Montgomery Planning to present Pedestrian Master Plan survey results at March 18 Planning Board meeting
March 11, 2021
Survey findings detail how satisfied pedestrians are walking or rolling in Montgomery County, why people walk, and how walking has changed since the start of the COVID-19 pandemic
WHEATON, MD – The Montgomery County Planning Department, part of the Maryland-National Capital Park and Planning Commission (M-NCPPC), will present the results of its Pedestrian Master Plan survey at the March 18 Planning Board meeting. The Pedestrian Master Plan, currently underway, will identify best practices, analyze information from people who walk and roll, and examine ways to improve the pedestrian experience using several analytical tools, including a pedestrian comfort map and a crash analysis. The findings from the countywide pedestrian survey, conducted in fall 2020, will inform the Pedestrian Master Plan’s existing conditions report and future recommendations by helping Montgomery Planning better understand pedestrian travel attitudes and behaviors. The survey findings also will serve as a benchmark to analyze trends in pedestrian behavior over time.
“This is the first time we have a statistically valid survey where residents throughout the county shared insights into how and why they walk and roll,” said Project Manager Eli Glazier. “These invaluable data points will help staff make recommendations for the Pedestrian Master Plan, Vision Zero efforts and master planning.”
Key findings of the pedestrian survey:
- Overall satisfaction with the Montgomery County pedestrian experience is 52 percent. Among respondents who reported having a disability, satisfaction with the county’s pedestrian experience was only 43 percent.
- While walking for exercise and recreation is widespread – 91 percent reported doing so – respondents living in urban areas of the county were much more likely to walk for other purposes such as grocery shopping (73 percent), personal business (58 percent), medical appointments (26 percent), and dining out (38 percent).
- COVID-19 has changed the reasons people are walking in Montgomery County. Due to the pandemic, 51 percent of respondents are walking more for exercise or recreation, while 66 percent are taking fewer trips to restaurants and bars and 53 percent are taking fewer walk commute trips.
- Telework has become much more widespread in Montgomery County. While 30 percent of respondents said they teleworked at least one day a week before the pandemic, 74 percent indicated they telework at least one day a week during the pandemic. 54 percent of respondents anticipate being able to telework at least one day a week after the pandemic ends.
“The results of this survey will fill a big gap in our data. We know so much about driving behavior in Montgomery County and now, for the first time, we have data to support pedestrian assumptions and eventually recommendations which will help to shift our county from auto-centric to one that caters to all modes of transportation – but especially pedestrians,” said Planning Director Gwen Wright.
About the survey
The Pedestrian Master Plan survey was sent randomly to 60,000 households in Montgomery County via postcard, with 4.1 percent of those households responding. The survey was made available in English, Spanish and simplified Chinese. Households in the City of Rockville and City of Gaithersburg were not included in the survey because those cities have independent planning authority and are not subject to the Pedestrian Master Plan. Survey results were compiled at the countywide level and for three geographic specific areas:
- Urban (downtowns and town centers, such as Downtown Wheaton and Germantown Town Center)

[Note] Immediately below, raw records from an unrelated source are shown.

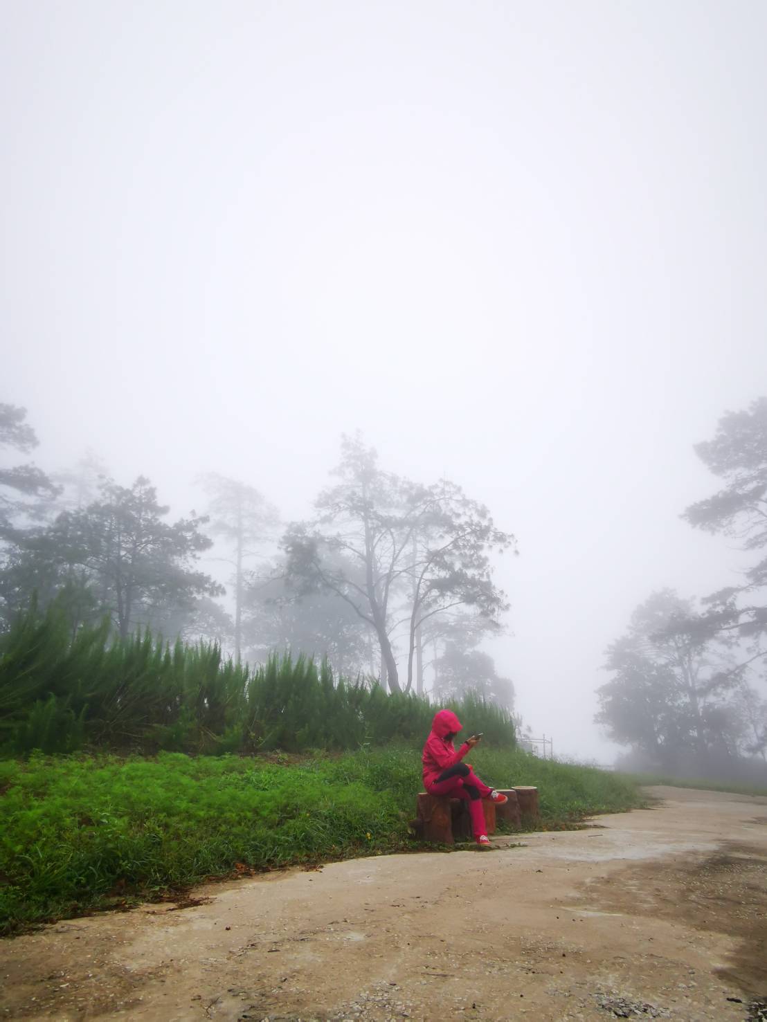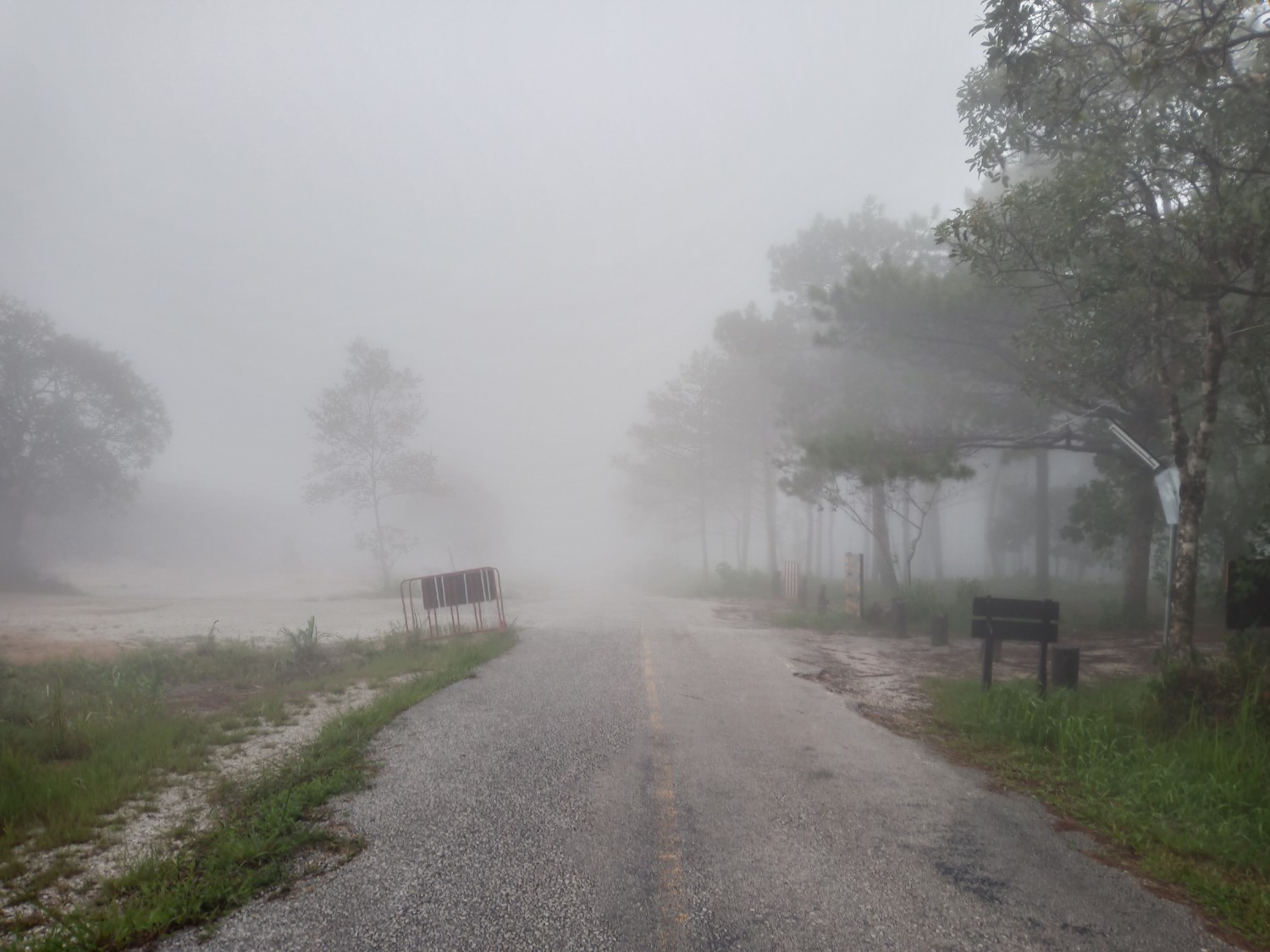 เช้านี้ข้างล่างฟ้าเปิดนะ แต่พอขึ้นไปในความสูงระดับนึง เราจะเข้าไปอยู่ในหมอก
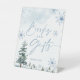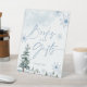 Blauer Winterwunderland Babydusche und Brautparty Schild mit Kiefern und Schneeflocken. Ideal für das Winterwunderland, für die Babydusche und das Brautparty im Winter, sowie für Hochzeiten im Winter.
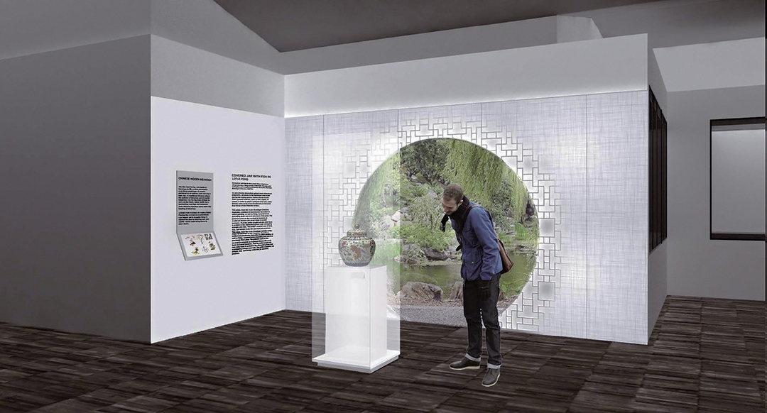明嘉靖朝〈五彩魚藻蓮池大蓋罐〉是擴建完成後將深化展出的15件館藏精品中的一件。此為展廳示意圖。
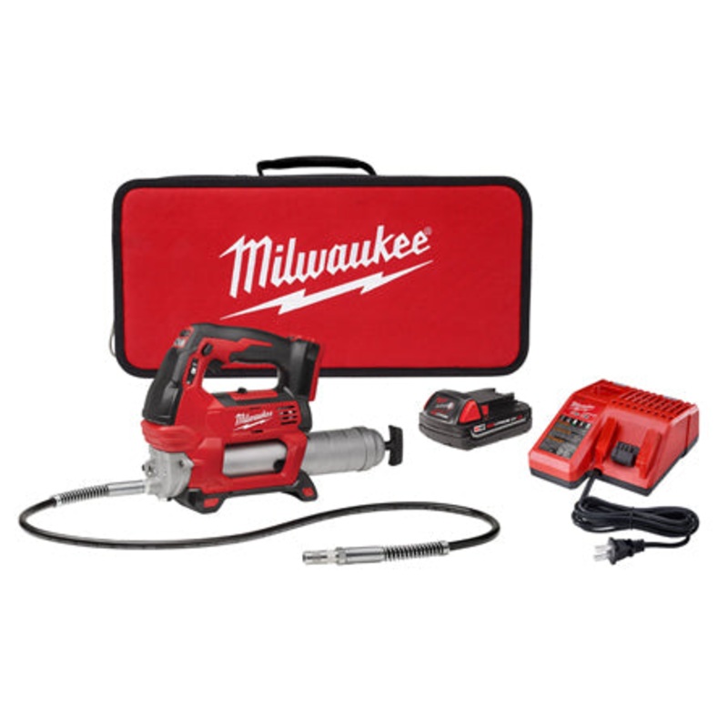 The M18 Cordless 2-Speed Grease Gun delivers maximum pressure and unmatched versatility, offering an industry leading 10,000 PSI max operating pressure and a patent pending pre-set grease counter that allows service and maintenance professionals to dispense precise amounts of grease. The tools 2-speed design offers users the ability to select between max pressure and max flow rate. Other unique features include an on-board LED light, a lock-on/lock-off trigger, and a plunger rod with markings to gauge how much grease is left in the barrel. The tools stand up design and shoulder strap capability offer user convenience, while limiting fatigue and the 48 flexible hose offers greater accessibility when greasing hard to reach fittings. The new tool is also compatible with a clear barrel accessory (49-16-2646). Powered by an M18 REDLITHIUM Battery pack, this is the industrys only 18V grease gun thats battery is compatible with a system of tools. The kit includes the new multi-voltage charger, so you can charge all M12 and M18 lithium-ion batteries with one charger.
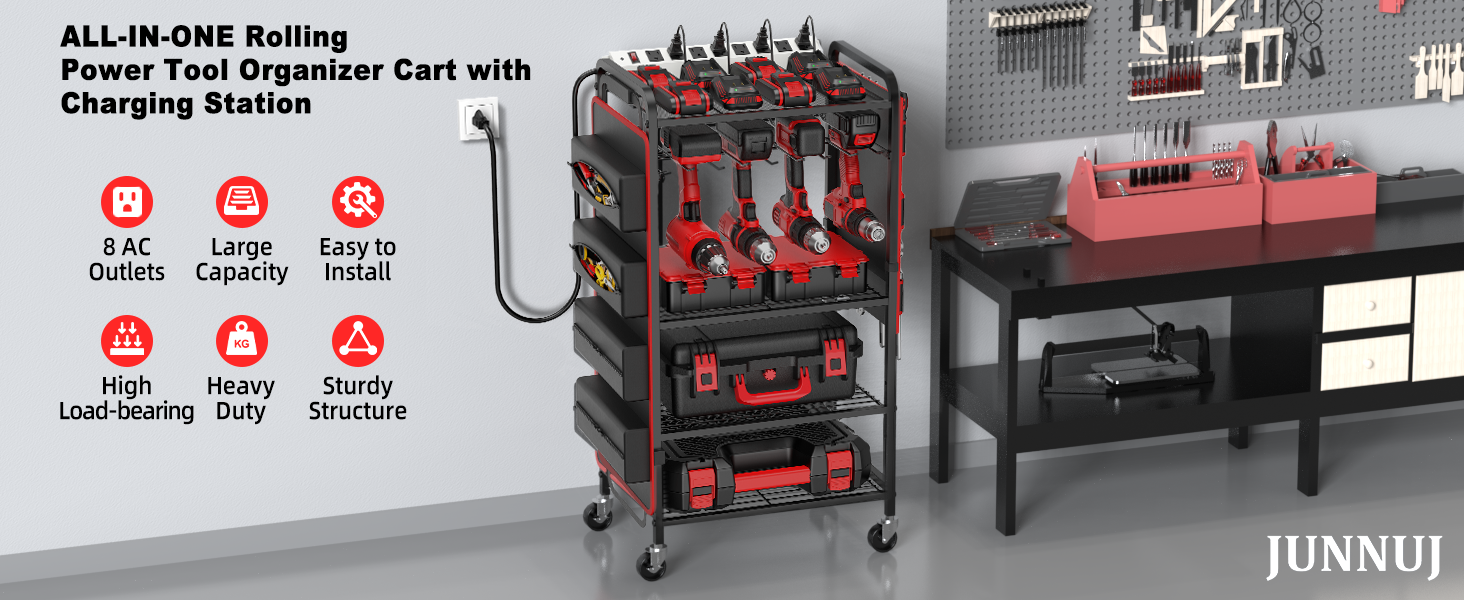 Get Rid of Chaos: Combining storage and charging in one, JUNNUJ power tool organizer cart with charging station would be the game changer for providing you an organized and efficient workspace. Got various tools into one place, helping release space and keeping your tools organized and within reach
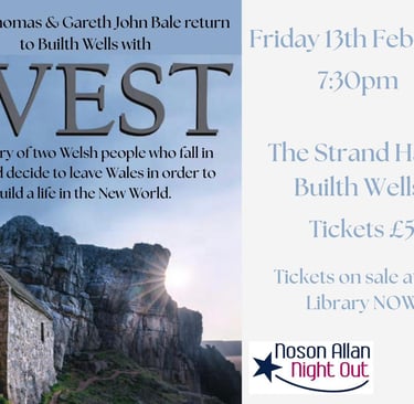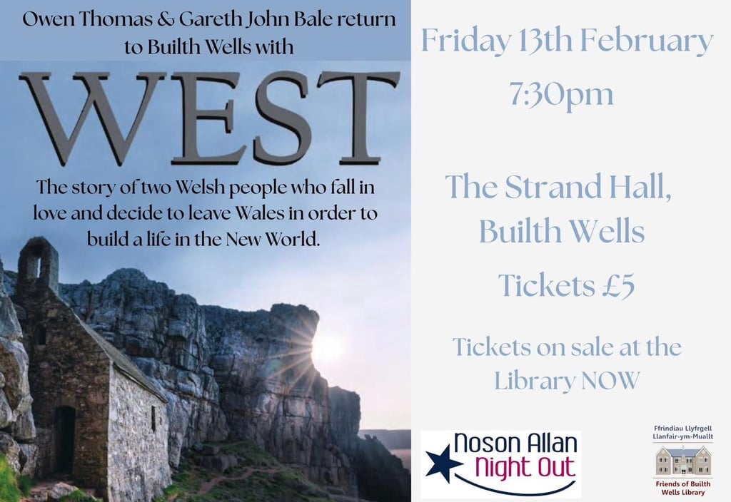 Builth Wells is set to welcome performers Owen Thomas and Gareth John Bale back to town with their production WEST, an engaging and moving story of two Welsh people who fall in love and make the life-changing decision to leave Wales to seek a future in the New World.
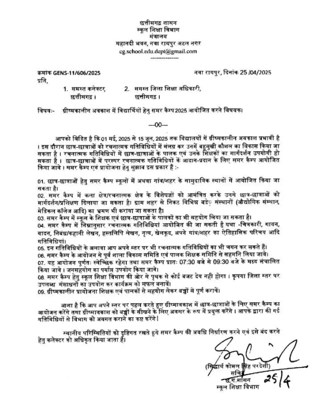 Summer Camp : रायपुर। छत्तीसगढ़ के स्कूल शिक्षा विभाग ने गर्मी की छुट्टियों में स्कूली छात्रों के लिए समर कैंप आयोजित करने के लिए नौ बिंदुओं वाली गाइडलाइन जारी की है। इसका उद्देश्य चित्रकारी, गायन, नृत्य, लेखन, खेलकूद और ऐतिहासिक भ्रमण जैसी रचनात्मक गतिविधियों के माध्यम से बच्चों का कौशल विकास करना है। शिक्षा सचिव ने सभी जिला कलेक्टरों और जिला शिक्षा अधिकारियों (डीईओ) को इस संबंध में निर्देश जारी किए हैं।
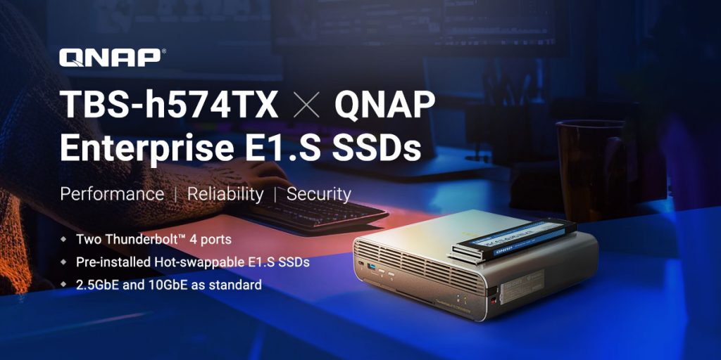 QNAP je nedavno predstavil nove modele dobro znanega TBS‑h574TX all-flash NASbook-a, ki so opremljeni s prednameščenimi SSD-ji poslovnega razreda E1.S. Ti modeli, ki so na voljo v zmogljivosti 9,6 TB ali 19,2 TB, so namensko zasnovani za podatkovno intenzivna opravila postprodukcije, kot so montaža videa, vizualni učinki (VFX) in animacija. Z podporo za hot swappable E1.S SSD‑je, TBS ‑h574TX omogoča nemoteno delovanje od prvega do zadnjega koraka, tako da lahko terenske ekipe, majhne ekipe za video produkcijo, uporabniki SOHO in strokovnjaki za mobilne medije nemoteno sodelujejo in so maksimalno produktivni.
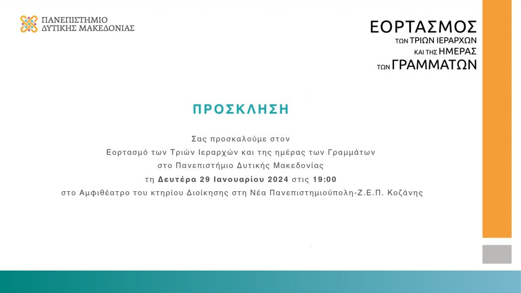 Εορτασμός των Τριών Ιεραρχών και της Ημέρας των Γραμμάτων στο Πανεπιστήμιο Δυτικής Μακεδονίας τη Δευτέρα 29/1
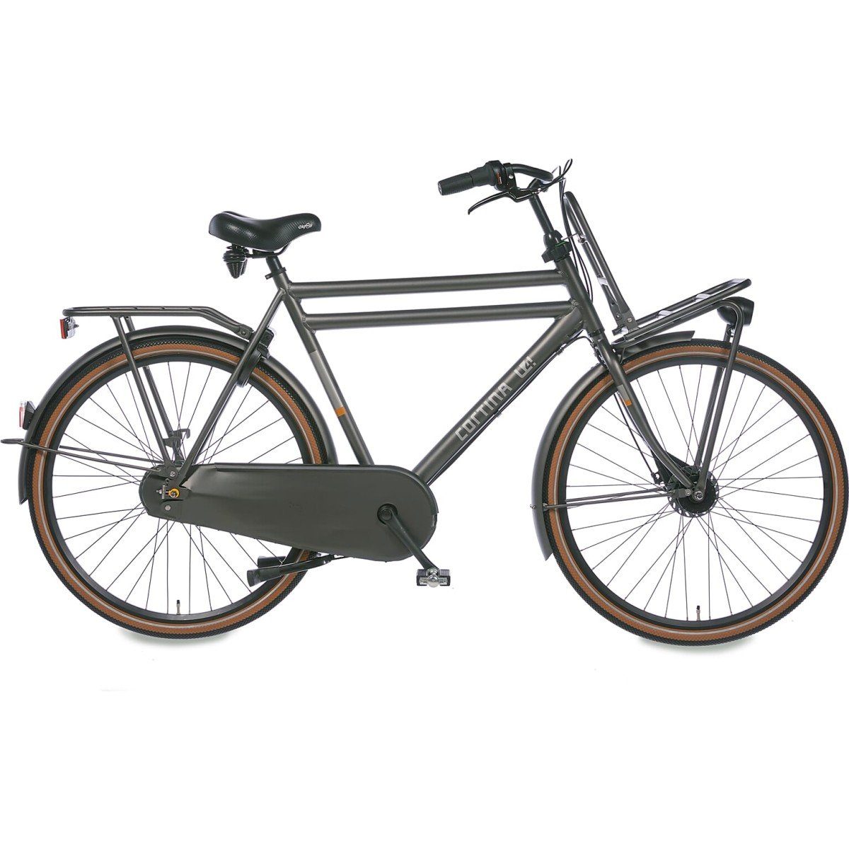 Cortina Transport U4 Solid herenfiets in framemaat 61cm. Kleur: Eclips Black Matte. Uitgerust met achter een Shimano Nexus 7-traps versnellingsnaaf met rollerbrake en voor een Shimano naafdynamo met rollerbrake. Opvallende details: aluminium frame, stuurslot, voordrager. Kleurnummer: MGSG 62759 Matte.
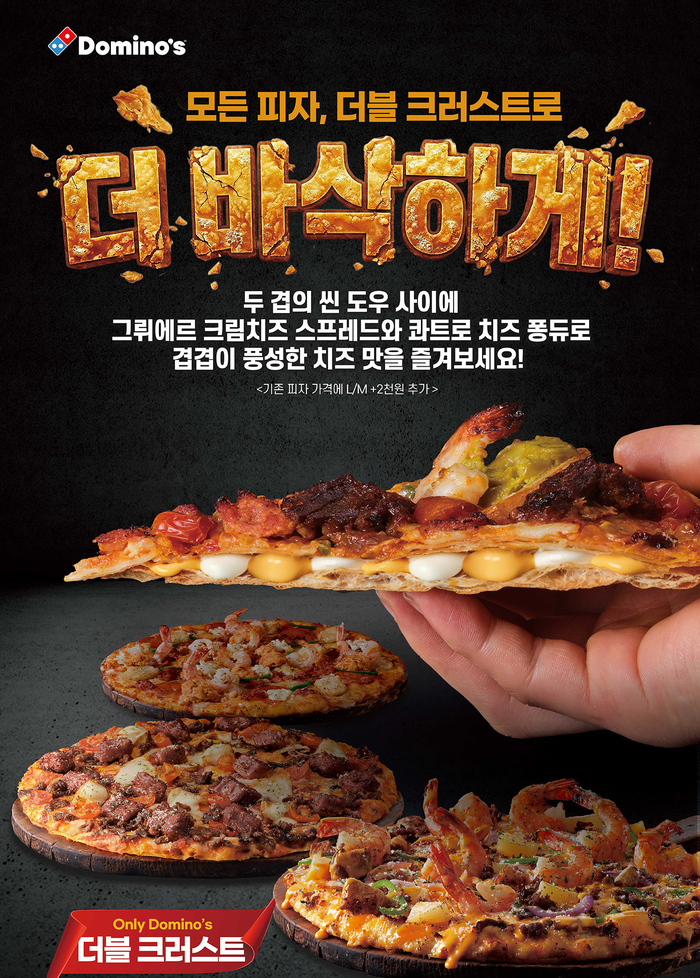 도미노피자의 ‘더블 크러스트 도우’는 두 장의 씬 크러스트 도우 사이에 그뤼에르 크림치즈 스프레드와 콰트로 치즈 퐁듀를 넣어 크러스트의 바삭한 식감과 치즈의 풍부한 맛을 가진 도우다.

- Transit Corridors (within one mile of master-planned transit corridors)
- Exurban/Rural (remainder of the county)
Survey responses were weighted to better represent the actual demographics of Montgomery County using the American Community Survey 2018 Five-Year Estimates for income, race, and Hispanic, Spanish, or Latino origin distributions for each geography to ensure the responses are appropriately representative of each area and the county as a whole.
About the Pedestrian Master Plan
The Pedestrian Master Plan, now being developed by Montgomery Planning’s Countywide Planning and Policy Division, will identify best practices, analyze information from people who walk and roll, and examine ways of improving the pedestrian experience using several analytical tools, including a pedestrian comfort analysis and a crash analysis. The resulting Pedestrian Master Plan will provide county leaders and agencies, such as Montgomery County Department of Transportation and the Department of Permitting Services, recommendations and guidance related to:
- Prioritization of pedestrian pathways and safe crossings.
- Pedestrian-supportive policies and operational practices.
- Pedestrian design toolkit of treatments and operational approaches to traffic calming, signal timing, accessibility features, and more.
Recommendations will support making walking universally accessible to county residents of all ages and abilities and will consider walking (including with a cane, a walker, or a stroller), and rolling (with a wheelchair or mobility scooter).
The Pedestrian Master Plan will complement the 2018 Bicycle Master Plan, Thrive Montgomery 2050 planning currently underway and other Vision Zero-related efforts to make streets safer and more accessible, including the 2019 Veirs Mill Corridor Master Plan and 2019 Aspen Hill Vision Zero Study.